Meeting reporting requirements is too time-consuming
Another challenge for ACOs is the time and resources it takes to meet the reporting requirements necessary to qualify for shared savings. When data is housed in multiple systems it becomes a laborious, manual exercise to collect, measure and report on it, which can bog down an entire team of skilled clinical analysts. That team instead could be spending more time on identifying and driving quality improvement initiatives across the organization helping improve patient outcomes. ACOs must be able to measure and report on results efficiently, or it can take up a disproportionate amount of resource time.
How to address these ACO challenges:
Although the overall results are mixed, some ACOs have demonstrated noteworthy results that should give optimism and provide a path to success to other providers. Among the ACOs that did generate shared savings, significant dollars were earned by the top performers. Best practices are beginning to emerge from these ACOs that have had initial success generating shared savings.
Given that, let’s examine the commonalities and the high-level strategies used at top performing ACOs. The key takeaway is that for ACOs to generate greater shared savings, they need to have strong capabilities in each of the following three core strategies.
- Integrate information systems and leverage data across the network to connect all clinicians responsible for a targeted population.

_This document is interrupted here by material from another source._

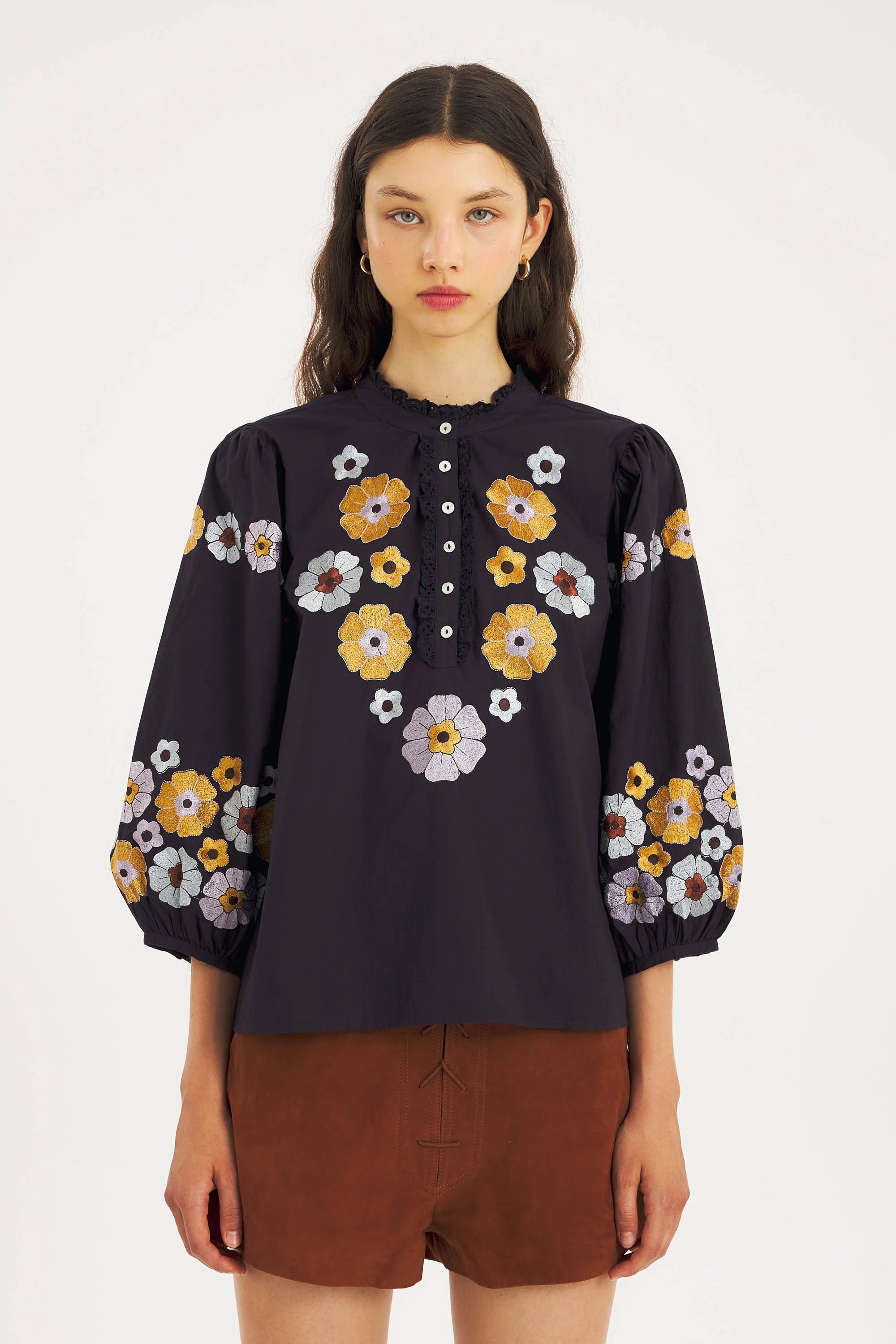 Amantina Blouse in de kleur 'Navy' van het Franse merk Antik Batik. Zachte katoenen poplin blouse versierd met zijdezachte bloemenborduursels in Mexicaanse stijl, die de borst en mouwen sieren. De sluiting en kraag zijn afgewerkt met kant, terwijl de mouwen wijdvallend zijn. Draag haar op een jeans en je bent gelijk af!
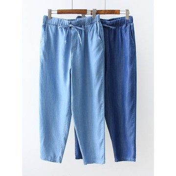 2025夏裝新款天絲牛仔褲女大碼女裝松緊高腰冰絲休閑褲媽媽褲子薄

- Stratify populations in order to prioritize limited resources where they will have the greatest impact.
- Increase efforts in targeted care management and primary care for prioritized patients.
Providers should address population health as a series of interconnected activities rather than as distinct, siloed efforts. The weakness of siloed efforts is that deficiencies in any of the activities create deficiencies in the others. For example, being unable to leverage all of your data weakens your ability to use analytics, which weakens your ability to both understand your population and engage in efficient, targeted care management.
Population health is not just solely about data, not solely about analytics and not solely about care management. It’s about all of those activities operating in an integrated manner and augmenting each other. This is known as an enterprise population health approach that integrates data, analytics, workflows, and clinicians across the entire organization. The speed with which providers can drive improved patient outcomes is a critical factor in their ability to achieve shared savings due to the annual time frame parameter. Using this enterprise population health approach can create the synergies and efficiencies that can help ACOs innovate care and generate more shared savings.